Paul explains the secret in Ephesians 3:4-6. By the way, that’s he means by “mystery” in these verses. He’s talking about something incredibly wonderful that was kept secret in times past, but is now to be made known to every person in every place under heaven. He says, “In reading this, then, you will be able to understand my insight into the mystery of Christ, which was not made known to people in other generations as it has now been revealed by the Spirit to God’s holy apostles and prophets. This mystery is that through the gospel the Gentiles are heirs together with Israel, members together of one body, and sharers together in the promise in Christ Jesus.”

bigstock-Pause-D-Button-8446993Do you realize what he’s saying! He’s saying that the reason God punched the pause button on His prophetic clock and made the Jewish nation wait two thousand years for their kingdom to begin was to allow enough time for you to be born, give your heart to Christ, and win the rest of your family to Him as well. Isn’t that amazing grace! God did that because He has loved you from eternity past and wanted you to be His child!

Finally, one last comment about verse 27: God is also going to be incredibly gracious to the nation of Israel, who rejected His Son at His first coming and will turn to antichrist when he appears. Jesus said to them, “I have come in My Father’s name, and you do not receive Me; if another comes in his own name, him you will receive.” (John 5:43) Consequently, what does the Jewish nation deserve? Whatever antichrist does to them! But that’s not what they get—at least not those who resist him. They get salvation both nationally and spiritually.

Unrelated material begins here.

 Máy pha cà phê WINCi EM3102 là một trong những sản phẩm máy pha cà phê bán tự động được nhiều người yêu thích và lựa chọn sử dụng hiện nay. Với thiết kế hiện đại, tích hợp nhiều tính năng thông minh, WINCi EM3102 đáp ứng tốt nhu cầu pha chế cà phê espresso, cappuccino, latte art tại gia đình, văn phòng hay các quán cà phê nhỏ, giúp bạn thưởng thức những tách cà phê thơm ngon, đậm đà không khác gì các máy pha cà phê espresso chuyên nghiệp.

Verse 27 concludes, “On the wing of abominations shall come one who makes desolate until the decreed end is poured out on the desolator.” In other words, the antichrist, not Israel, is the one that’s destroyed and punished forever. And Israel? Both Daniel, Zechariah, Paul, and Jesus Himself say that it’s at that moment that the Lord Jesus will return from heaven and all Israel will be saved. That’s grace!

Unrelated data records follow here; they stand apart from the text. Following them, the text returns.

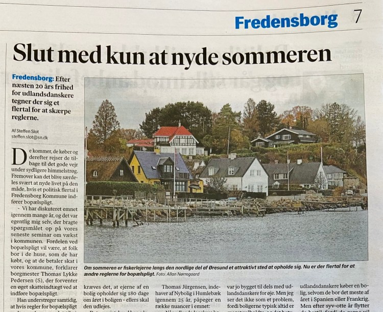 The headline that caught my eye was: “Fishing village now off-limits for Danes based abroad” (Fiskerlejer bliver lukket land for udlandsdanskere). Turns out, the classy properties in the little fishing village just east of here, can now only be bought by Danes abroad if the houses are occupied 180 days per year.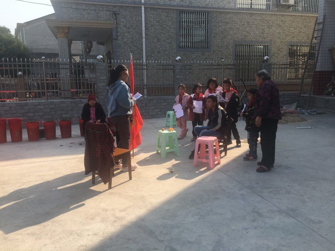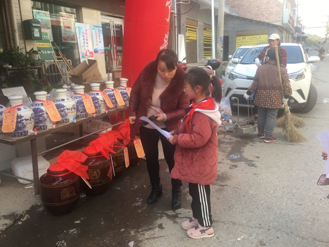 2019年12月10日,芦淞区选青小学少先队大队干部和刘琬卿老师一行人来到姚家坝镇上进行"垃圾不落地"街头劝导活动。下午13:30分,同学们怀着满分的期待,拿着手里精心准备的"垃圾不落地"倡议书和"垃圾分类"小知识传单,摩拳擦掌,准备开始他们下午进行的街头劝导活动。看,我们先美美的在校园门口合个影。
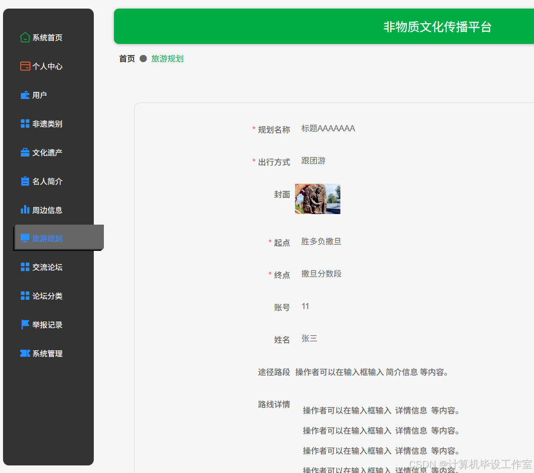 (9)旅游规划:管理员可以查看用户定制的个人旅游规划信息。

So if you’re in need of love and compassion, look no farther than the Lord Jesus Christ because He is here and He has loved you from time began. You’re going to see that portrayed at the Lord’s Table tonight. So as I bow my head and close this time in prayer, open your heart to Him and ask Him to come into you and fellowship with you, and He will! For He is your friend, the Friend that sticks closer than a brother!